Cognitive, emotional and social phenotyping of mice in an observer-independent setting.

Neurobiol Learn Mem 2018 04 21;150:136-150. Epub 2018 Feb 21.

Clinical Neuroscience, Max Planck Institute of Experimental Medicine, Göttingen, Germany; DFG Research Center for Nanoscale Microscopy and Molecular Physiology of the Brain (CNMPB), Göttingen, Germany. Electronic address:

Based on the intellicage paradigm, we have developed a novel cognitive, emotional and social phenotyping battery that permits comprehensive standardized behavioral characterization of mice in an experimenter-independent social setting. Evaluation of this battery in a large number of male and female C57BL/6 wildtype mice, tested in >20 independent cohorts, revealed high reproducibility of the behavioral readouts and may serve as future reference tool. We noticed robust sex-specific differences in general activity, cognitive and emotional behavior, but not regarding preference for social pheromones. Specifically, female mice revealed higher activity, decreased sucrose preference, impaired reversal and place-time-reward learning.

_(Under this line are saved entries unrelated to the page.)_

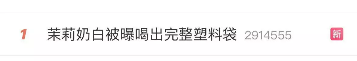 3月23日,有上海的消费者发帖投诉称,在茉莉奶白的奶茶中发现一个塑料袋。同日,#茉莉奶白被曝喝出完整塑料袋#话题登上微博热搜第一。
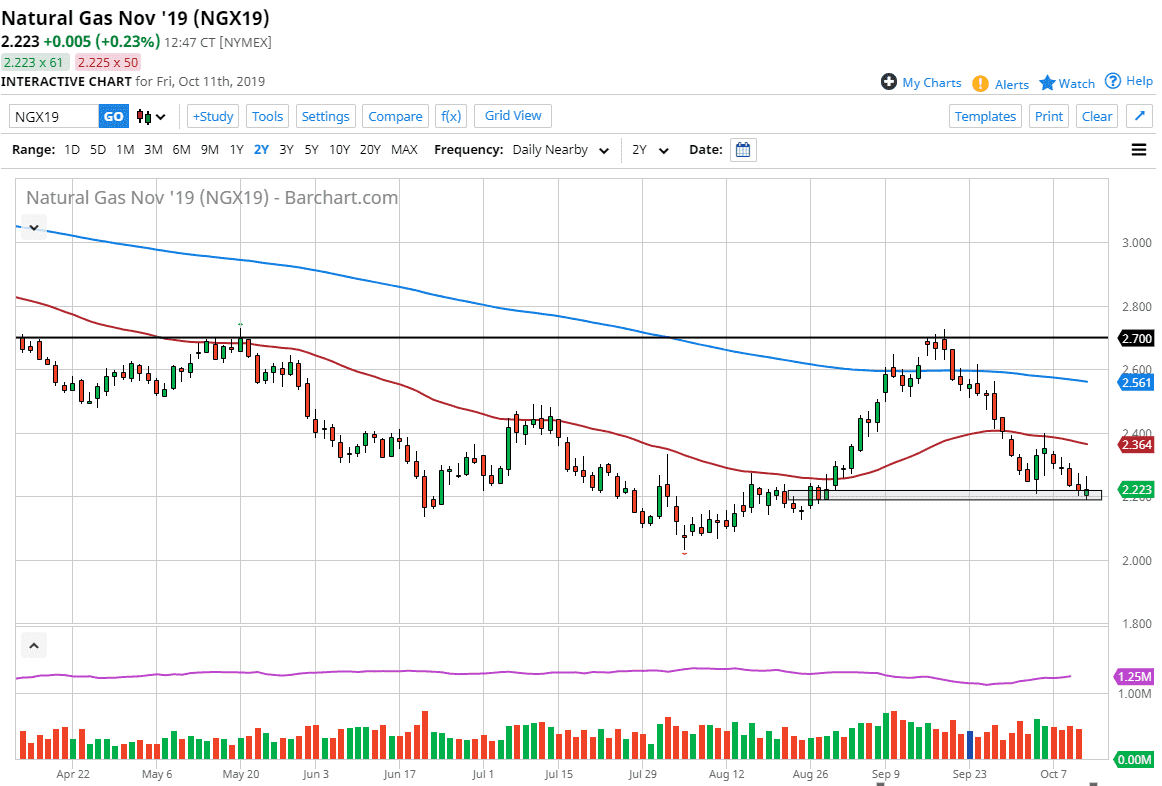 With all that being said, the market is likely to struggle in the short term, but if we can break above those tales for the last couple of days that would be an export nearly bullish sign. If we do break down below the $2.20 level, we could go as low as the $2.15 level. That being said though, I don’t have any interest in shorting this market because it would simply be “chasing the trade” at this point as we have fallen so far. Remember, anytime you get a trend change it is typically very messy and that’s exactly what we’ve seen lately.
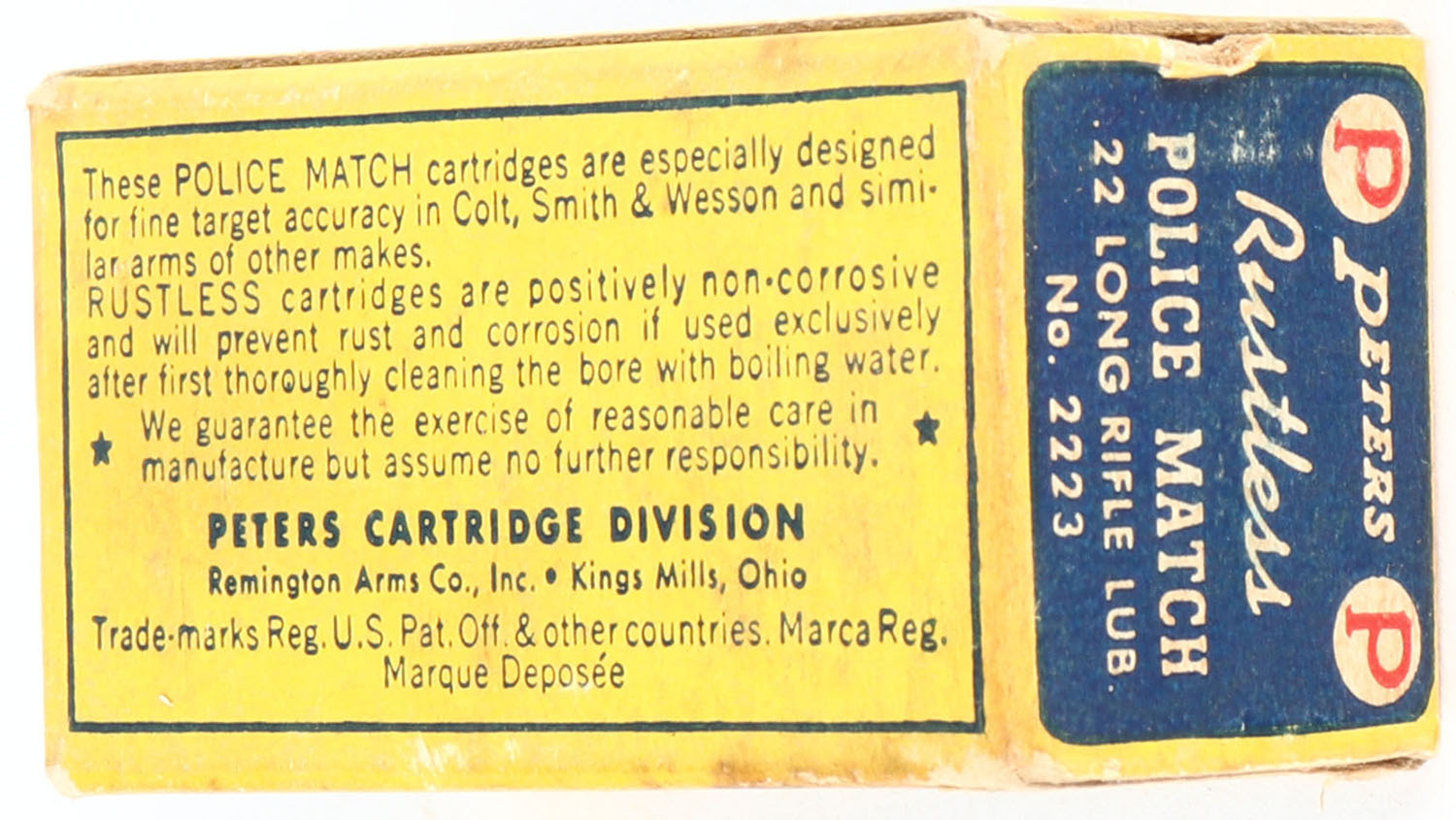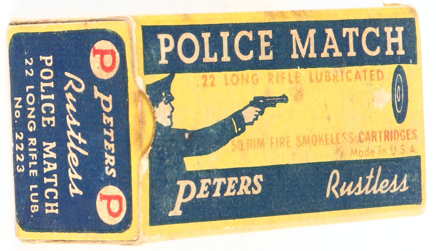Peters, Police Match, .22 Long Rifle, RHWeb: PCC-53C LR-1a, Full, 1pc. Yellow blue & white box, box is solid with good to very good color, some age soiling & color fading, very minor corner wear, edges are mostly crisp, end flaps are solid, ammo is excellent. Grade: Very Good + - Value: 30 to 90
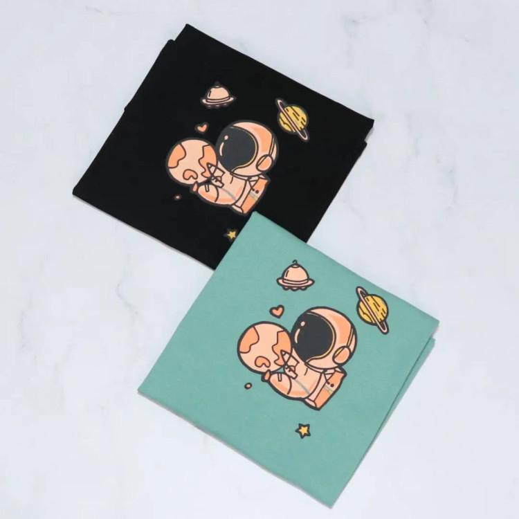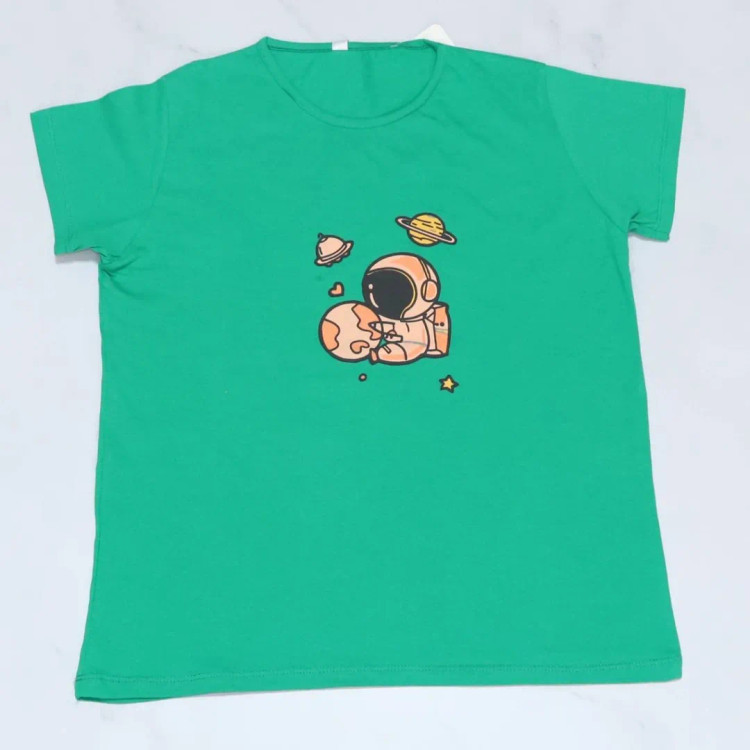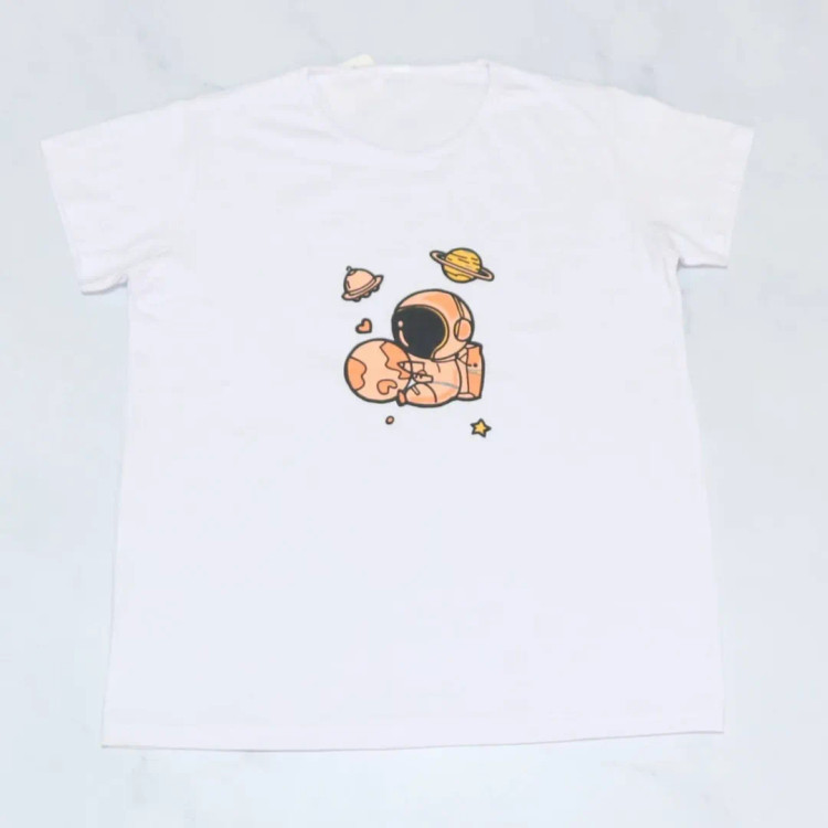 تیشرت فضانورد جنس نخ پنبه، سایز فری مناسب ۳۶ـ۴۴. عرض تیشرت: ۴۸ـ۴۹ با کشسانی: ۵۵، قد تیشرت: ۶۳، قد آستین: ۱۴. تمامی عکس ها از خود محصول و بدون هیچ گونه ادیت بارگذاری میشود.
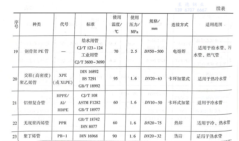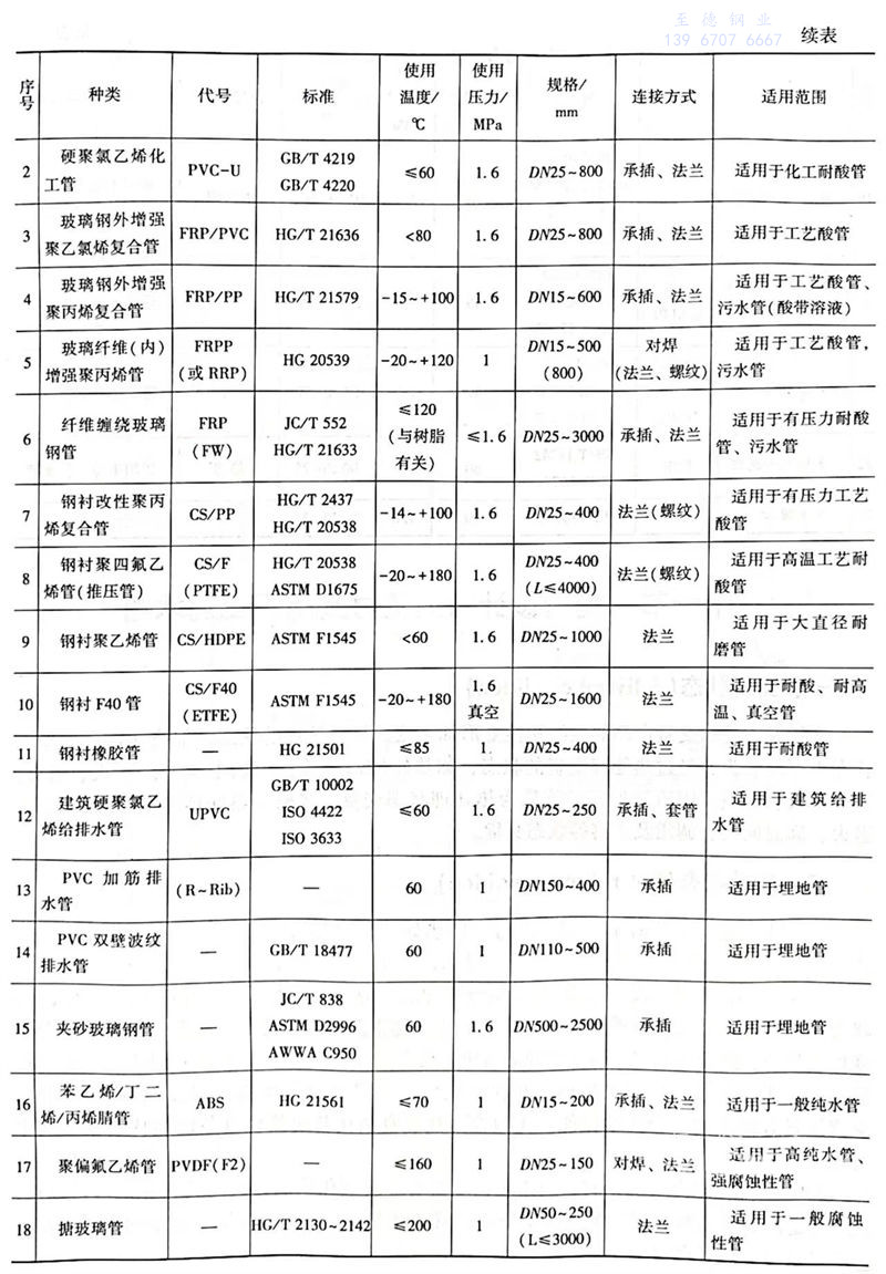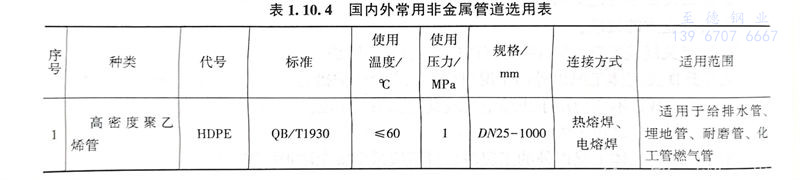 國內(nei)外常用非金屬(shu)管道選用表(biao)見(jian)表(biao)1.10.4。

Furthermore, female mice reacted more sensitively than males to reward-withdrawal showing a negative emotional contrast/Crespi-effect. In a series of validation experiments, we tested mice with different pathologies, including neuroligin-3 deficient mice (male Nlgn3 and female Nlgn3) for autistic behavior, oligodendrocyte-specific erythropoietin receptor knockout (oEpoR) mice for cognitive impairment, as well as mouse models of renal failure (unilateral ureteral obstruction and 5/6 nephrectomy) and of type 2 diabetes (ApoE) - for delineating potentially confounding effects of motivational factors (thirst, glucose-craving) on learning and memory assessments. As prominent features, we saw in Nlgn3 mutants reduced preference for social pheromones, whereas oEpoR mice showed learning deficits in place or reversal learning tasks. Renal failure led to increased water intake, and diabetic metabolism to enhanced glucose preference, limiting interpretation of hereon based learning and memory performance in these mice. The phenotyping battery presented here may be well-suited as high-throughput multifaceted diagnostic instrument for translational neuropsychiatry and behavioral genetics.